Il faut également prévoir suffisamment de temps pour déterminer s'il y a une minorité qui n'est pas d'accord avec une partie des recommandations et lui donner une place respectueuse, dans les échanges, comme dans la production finale de l’avis à transmettre.
Le temps de clôture d’un mini-public délibératif est un moment fondamental, qui permet de partager le consensus auquel le groupe a pu arriver. Il n’est parfois pas aisé de conclure et cela peut impliquer de passer d’une logique délibérative à une logique agrégative* (autrement dit : compter, voter). Dans de nombreux mini-publics aujourd’hui organisés, il est fréquent de recourir au vote à la majorité simple ou qualifiée pour mesurer le degré d’accord sur les propositions.
Les parties prenantes et les personnes ayant une expérience concrète de la question discutée devraient pouvoir intervenir dans le processus de délibération, au même titre que les personnes disposant d'une expertise académique ou technique. Cela permet non seulement d'améliorer la délibération en soi, mais aussi d'accroître la légitimité du processus et, par conséquent, d'influencer positivement la prise en compte des résultats du processus.

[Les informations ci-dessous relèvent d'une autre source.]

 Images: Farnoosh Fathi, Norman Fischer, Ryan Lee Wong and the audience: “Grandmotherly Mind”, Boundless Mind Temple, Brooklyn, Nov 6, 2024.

Pour le grand public, il est possible d’imaginer une plateforme sur laquelle les citoyens et les citoyennes qui n'ont pas été tirées au sort ou les parties-prenantes qui n’ont pas été auditionnées peuvent donner leur avis sur le sujet. Il est même possible de les inclure dans la délibération, lors de certaines phases comme la proposition des experts ou de sous-thèmes à discuter. De toute façon, afin que l’assemblée citoyenne ne soit pas perçu comme un organe « huis-clos », il est important de garantir une communication transparente sur son travail. Pour cela, les ateliers d’information tout au long du processus constituent également une option intéressante. Un minimum est de partager le calendrier, des vidéos ou présentations d'experts et les PV du travail en cours.
La transparence doit être mise en balance avec le besoin de confidentialité et de protection de la vie privée des membres de l’assemblée citoyenne. La pratique veut que les présentations des experts puissent être diffusées et retransmises, mais que les discussions des membres de l'assemblée restent confidentielles. En outre, il convient de toujours rappeler aux participants qu'ils peuvent n'indiquer que leur prénom et non leur nom de famille (par exemple lors de sessions en ligne ou d'échanges avec des journalistes).

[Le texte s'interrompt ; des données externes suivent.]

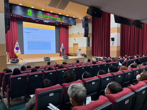 [금요저널] 수원시는 19일 시청 대강당에서 2022년 공직자 인권교육 ‘인권 감수성 공무직 과정’ 1기 교육을 진행했다.

Tous les citoyens doivent pouvoir accéder au rapport sur le processus et ses résultats. Un site web dédié peut être utilisé pour rendre compte et communiquer autour du suivi, en indiquant un stade de traitement et en décrivant les mesures prises à la suite de l’assemblée citoyenne.
Une justification claire et écrite doit idéalement être donnée pour chaque recommandation citoyenne. Six à douze mois après la publication du rapport, un autre week-end de réunion peut être organisé afin que l’assemblée puisse examiner les actions du gouvernement. En outre, il est possible d'impliquer formellement les citoyens dans la phase de suivi par le biais d’un comité de suivi composé de membres de l'assemblée tirés au sort.
Idéalement, quelques rencontres entre l'autorité publique et les participants aux processus délibératifs doivent être planifiées pour la période suivant la réception des recommandations. Ces moments de contact servent à communiquer et à impliquer les citoyens et les différentes parties prenantes au sujet de la réponse et du suivi politique et administratif.
Dans certains processus, les recommandations ne sont pas seulement présentées à l'autorité qui les a commandées, mais aussi aux parties prenantes concernées et au public. Il est également possible d'impliquer les parties prenantes et les organisations de la société civile concernées afin d'évaluer la réponse de l'autorité responsable.
La réalisation d'évaluations indépendantes est l’approche la plus crédible pour évaluer un processus. Pour les processus plus petits et plus courts, l’OCDE recommande des auto-rapports par les membres et les organisateurs qui peuvent également améliorer l'expérience d'apprentissage.